Every line below needs to be printed again exactly, without any of its pictures.

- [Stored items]
*-*-*

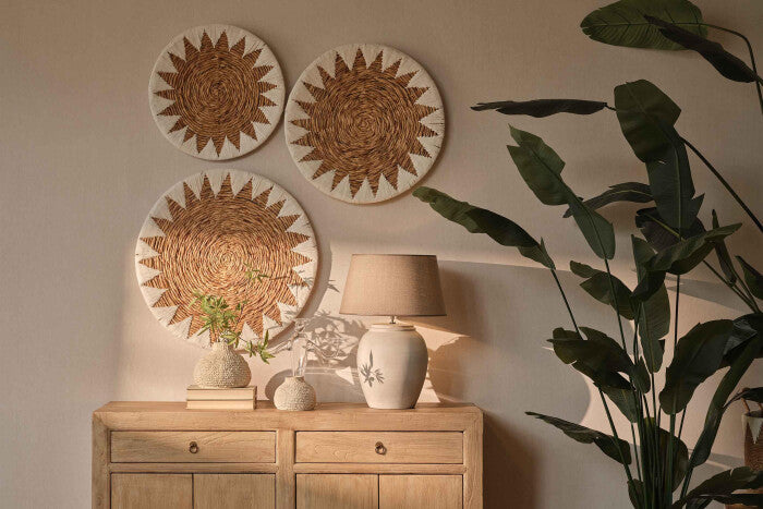 Szafka bufetowa o wyglądzie naturalnego drewna szczególnie dobrze komponuje się z ciepłymi odcieniami ziemi, takimi jak beż, brąz i terakota. Elegancki charakter mebli podkreślają także kontrasty z czernią, ciemną zielenią czy granatem.
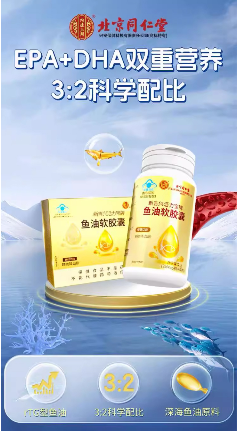 【品名】北京同仁堂鱼油软胶囊60粒+大豆磷脂胶囊60粒/盒
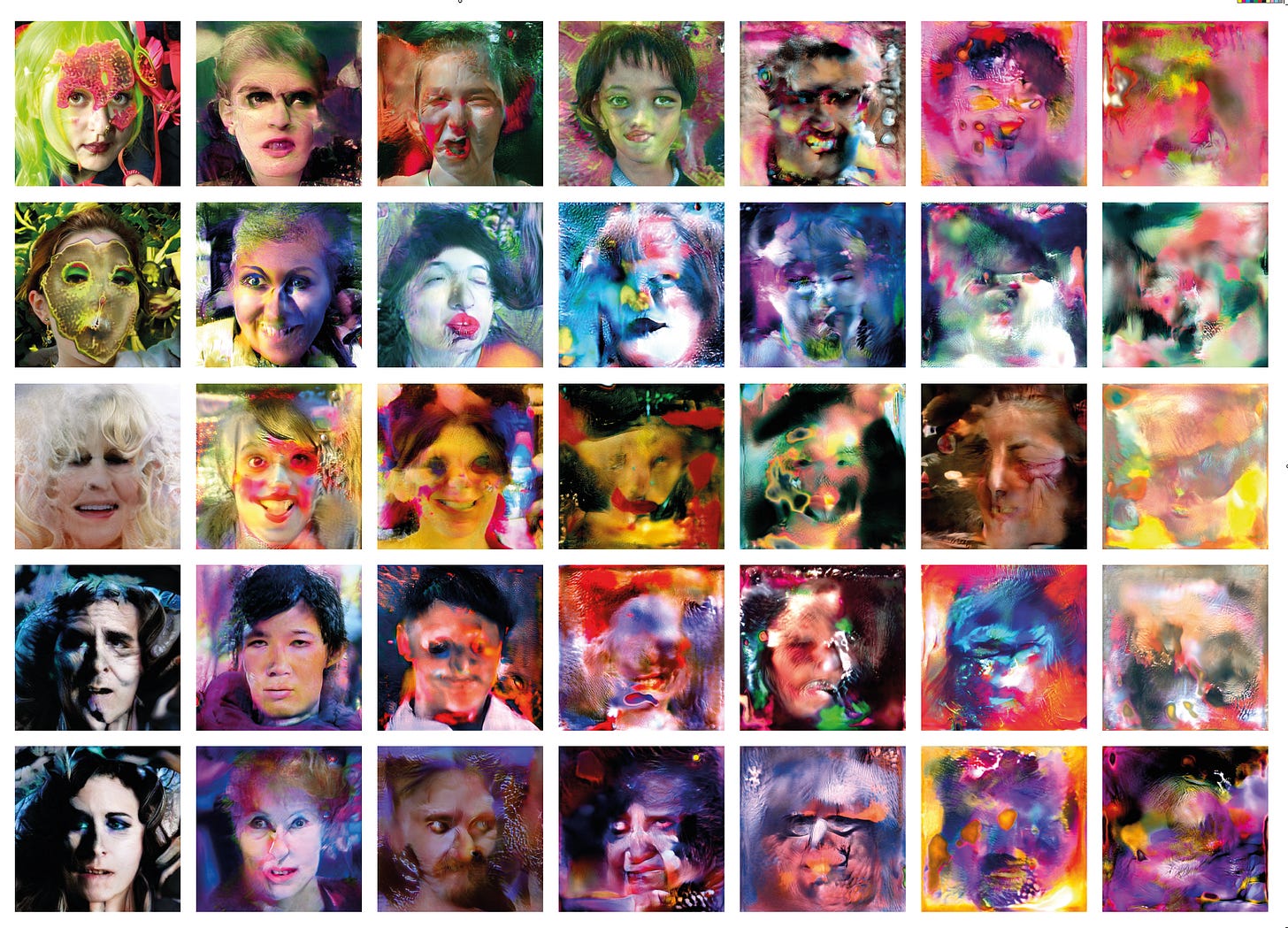 Much of the AI art from this time—like the works of Mario Klingemann, Mike Tyka, Memo Akten, or even my Strange Attractions project—came out of errors and glitches. Artists aestheticized and elevated these accidents into art precisely because they were chosen and captured by human hands. They were moments of deep exploration and interventions into the evolving AI systems. Often working without proper interfaces, artists became explorers venturing into the dark, not knowing what they might encounter—or how it might change them forever.
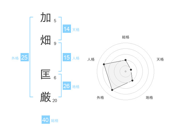 加畑 匡厳さんを姓名の画数から五運を鑑定
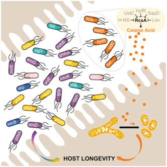 图片来自Cell, doi:10.1016/j.cell.2017.05.036利用源自肠道细菌的补充物延缓衰老过程可能有朝一日是可行的。来自美国贝勒医学院和德克萨斯大学休斯顿健康科学中心的研究人员在秀丽隐杆线虫中鉴定出延长寿命、也延缓肿瘤进展和β-淀粉样蛋白堆积的细菌基因和化合物。β-淀粉样蛋白是一种与阿尔茨海默病相关联的化合物。相关研究结果发表在2017年6月15日的Cell期刊上,论文标题为“Microbial Genetic Composition Tunes Host Longevity”。论文通信作者、贝勒医学院赫芬顿老化中心分子与人类遗传学副教授Meng Wang博士说,“科学界日益意识到我们的人体与我们体内的微生物组之间的相互作用能够影响很多功能,如认知活动、代谢活动和衰老。在这项研究中,我们研究了这种微生物组的基因组成可能也在寿命中发挥着重要的作用。”在哺乳动物中因存在技术上的挑战,这种问题是很难研究的,因此这些研究人员选择秀丽隐杆线虫开展研究。在这些线虫的两到三周长的寿命中,它们以细菌为食,长到成年,繁殖,逐渐衰老,丧失力量和健康,最终死亡。全世界的很多研究实验室(包括Wang实验室)利用秀丽隐杆线虫了解基础的生物学过程。测试上千个基因,每次测试一个为了探究单个细菌基因对秀丽隐杆线虫寿命的影响,Wang与贝勒医学院分子与人类遗传学副教授Christophe Herman博士和专门开展细菌遗传学研究的其他同事们合作开展研究。他们采用了一种完整的大肠杆菌基因缺失文库;一组大肠杆菌集合,每种大肠杆菌缺失将近4000个基因中的一个。Wang说,“我们给秀丽隐杆线虫喂食每种突变细菌,然后研究这些线虫的寿命。在我们测试的将近4000个细菌基因中,29个基因当缺失时会增加这些线虫的寿命。12种突变细菌也会阻止这些线虫发生肿瘤生长和β-淀粉样蛋白堆积。”进一步的实验表明一些突变细菌通过作用于这些线虫中的一些已知与衰老相关的过程增加寿命。其他的突变细菌通过过量产生荚膜异多糖酸(colanic acid)增加这些线虫的寿命。当这些研究人员给秀丽隐杆线虫提供纯化的荚膜异多糖酸时,这些线虫也活得更长。荚膜异多糖酸也在实验室果蝇和在实验室培养的哺乳动物细胞中表现出类似的影响。这些研究人员提出基于这些结果,人们在未来有可能开发出能够有助延缓衰老过程的细菌制剂或它们的化合物。荚膜异多糖酸介导细菌与线粒体之间的交谈有趣的是,这些研究人员发现荚膜异多糖酸调节线粒体融合与分裂的动态变化。线粒体是给细胞的功能提供能量的细胞器。Wang说,“这些发现也是令人关注的,而且从生物学角度而言,对我们理解宿主-细菌通信产生影响。线粒体似乎是由几百万年前侵入原始细胞的细菌进化而来的。我们的发现提示着细菌的产物如今仍然能够干预我们的细胞中的线粒体之间的通信。我们认为这种通信是非常重要的,而且我们在这里提供首个证据来证实这一点。充分地理解细菌-线粒体通信能够有助我们更深地理解细菌和它们的宿主之间的相互作用。” Cell:肠道细菌有望延缓衰老,提高动物寿命

*-*-*

- [Your response]
 Szafka bufetowa o wyglądzie naturalnego drewna szczególnie dobrze komponuje się z ciepłymi odcieniami ziemi, takimi jak beż, brąz i terakota. Elegancki charakter mebli podkreślają także kontrasty z czernią, ciemną zielenią czy granatem.
 【品名】北京同仁堂鱼油软胶囊60粒+大豆磷脂胶囊60粒/盒
 Much of the AI art from this time—like the works of Mario Klingemann, Mike Tyka, Memo Akten, or even my Strange Attractions project—came out of errors and glitches. Artists aestheticized and elevated these accidents into art precisely because they were chosen and captured by human hands. They were moments of deep exploration and interventions into the evolving AI systems. Often working without proper interfaces, artists became explorers venturing into the dark, not knowing what they might encounter—or how it might change them forever.
 加畑 匡厳さんを姓名の画数から五運を鑑定
 图片来自Cell, doi:10.1016/j.cell.2017.05.036利用源自肠道细菌的补充物延缓衰老过程可能有朝一日是可行的。来自美国贝勒医学院和德克萨斯大学休斯顿健康科学中心的研究人员在秀丽隐杆线虫中鉴定出延长寿命、也延缓肿瘤进展和β-淀粉样蛋白堆积的细菌基因和化合物。β-淀粉样蛋白是一种与阿尔茨海默病相关联的化合物。相关研究结果发表在2017年6月15日的Cell期刊上,论文标题为“Microbial Genetic Composition Tunes Host Longevity”。论文通信作者、贝勒医学院赫芬顿老化中心分子与人类遗传学副教授Meng Wang博士说,“科学界日益意识到我们的人体与我们体内的微生物组之间的相互作用能够影响很多功能,如认知活动、代谢活动和衰老。在这项研究中,我们研究了这种微生物组的基因组成可能也在寿命中发挥着重要的作用。”在哺乳动物中因存在技术上的挑战,这种问题是很难研究的,因此这些研究人员选择秀丽隐杆线虫开展研究。在这些线虫的两到三周长的寿命中,它们以细菌为食,长到成年,繁殖,逐渐衰老,丧失力量和健康,最终死亡。全世界的很多研究实验室(包括Wang实验室)利用秀丽隐杆线虫了解基础的生物学过程。测试上千个基因,每次测试一个为了探究单个细菌基因对秀丽隐杆线虫寿命的影响,Wang与贝勒医学院分子与人类遗传学副教授Christophe Herman博士和专门开展细菌遗传学研究的其他同事们合作开展研究。他们采用了一种完整的大肠杆菌基因缺失文库;一组大肠杆菌集合,每种大肠杆菌缺失将近4000个基因中的一个。Wang说,“我们给秀丽隐杆线虫喂食每种突变细菌,然后研究这些线虫的寿命。在我们测试的将近4000个细菌基因中,29个基因当缺失时会增加这些线虫的寿命。12种突变细菌也会阻止这些线虫发生肿瘤生长和β-淀粉样蛋白堆积。”进一步的实验表明一些突变细菌通过作用于这些线虫中的一些已知与衰老相关的过程增加寿命。其他的突变细菌通过过量产生荚膜异多糖酸(colanic acid)增加这些线虫的寿命。当这些研究人员给秀丽隐杆线虫提供纯化的荚膜异多糖酸时,这些线虫也活得更长。荚膜异多糖酸也在实验室果蝇和在实验室培养的哺乳动物细胞中表现出类似的影响。这些研究人员提出基于这些结果,人们在未来有可能开发出能够有助延缓衰老过程的细菌制剂或它们的化合物。荚膜异多糖酸介导细菌与线粒体之间的交谈有趣的是,这些研究人员发现荚膜异多糖酸调节线粒体融合与分裂的动态变化。线粒体是给细胞的功能提供能量的细胞器。Wang说,“这些发现也是令人关注的,而且从生物学角度而言,对我们理解宿主-细菌通信产生影响。线粒体似乎是由几百万年前侵入原始细胞的细菌进化而来的。我们的发现提示着细菌的产物如今仍然能够干预我们的细胞中的线粒体之间的通信。我们认为这种通信是非常重要的,而且我们在这里提供首个证据来证实这一点。充分地理解细菌-线粒体通信能够有助我们更深地理解细菌和它们的宿主之间的相互作用。” Cell:肠道细菌有望延缓衰老,提高动物寿命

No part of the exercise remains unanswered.